Adaptive Bitrate Streaming (ABR)

graph LR
    CLIENT["Video Player"]
    CLIENT -->|"Measures bandwidth"| ABR["ABR Algorithm<br/>(DASH / HLS)"]
    ABR -->|"Good network"| HD["1080p chunks"]
    ABR -->|"Poor network"| SD["480p chunks"]
    ABR -->|"Very poor"| LOW["360p chunks"]

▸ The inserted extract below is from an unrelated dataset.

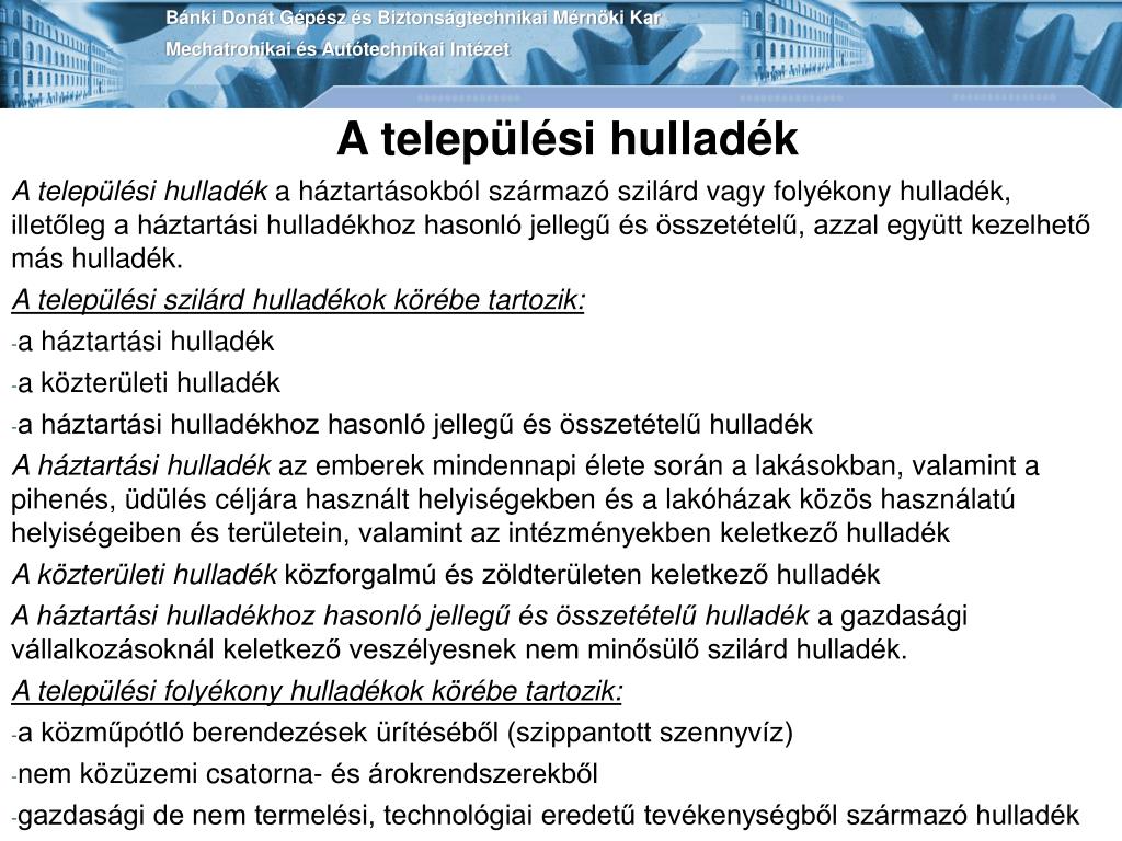 Bánki Donát Gépész és Biztonságtechnikai Mérnöki KarMechatronikai és Autótechnikai Intézet A települési hulladék A települési hulladék a háztartásokból származó szilárd vagy folyékony hulladék, illetőleg a háztartási hulladékhoz hasonló jellegű és összetételű, azzal együtt kezelhető más hulladék. A települési szilárd hulladékok körébe tartozik: • a háztartási hulladék • a közterületi hulladék • a háztartási hulladékhoz hasonló jellegű és összetételű hulladék A háztartási hulladék az emberek mindennapi élete során a lakásokban, valamint a pihenés, üdülés céljára használt helyiségekben és a lakóházak közös használatú helyiségeiben és területein, valamint az intézményekben keletkező hulladék A közterületi hulladék közforgalmú és zöldterületen keletkező hulladék A háztartási hulladékhoz hasonló jellegű és összetételű hulladék a gazdasági vállalkozásoknál keletkező veszélyesnek nem minősülő szilárd hulladék. A települési folyékony hulladékok körébe tartozik: • a közműpótló berendezések ürítéséből (szippantott szennyvíz) • nem közüzemi csatorna- és árokrendszerekből • gazdasági de nem termelési, technológiai eredetű tevékenységből származó hulladék
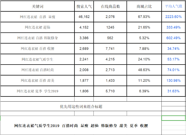 那最終組合的標題就是:【網(wǎng)紅連衣裙氣質(zhì)學生2019百搭時尚顯瘦超仙韓版修身甜美夏季收腰】,最后把空格刪除即可。組合過程中有個非常重要的點,就是我們找到了關鍵詞應該怎么去組合,組合的方法是什么呢?那接下來就是組合的幾個要點。

    style ABR fill:#56cc9d,stroke:#333,color:#fff

Protocol Used By Segment Size
HLS (HTTP Live Streaming) Apple, most platforms 2-10s segments
DASH (Dynamic Adaptive Streaming) YouTube, Netflix 2-10s segments

CDN Strategy

Approach Description
Push popular content Pre-load trending videos to edge servers
Pull on demand Edge fetches from origin on first request, then caches
Regional origin Multiple origin servers in different regions
Long tail Less popular content served from fewer / central CDN nodes

Q7: Design a Notification System

Answer:

A notification system delivers timely, relevant notifications across multiple channels (push, SMS, email) to billions of users.

graph TD
    TRIGGER["Event Triggers<br/>(order shipped, new follower, etc.)"]
    TRIGGER --> NS["Notification Service"]
    NS --> PREF["User Preferences<br/>(channels, frequency, opt-outs)"]
    NS --> TEMPLATE["Template Service<br/>(personalize message)"]
    NS --> QUEUE["Priority Queues<br/>(Kafka / SQS)"]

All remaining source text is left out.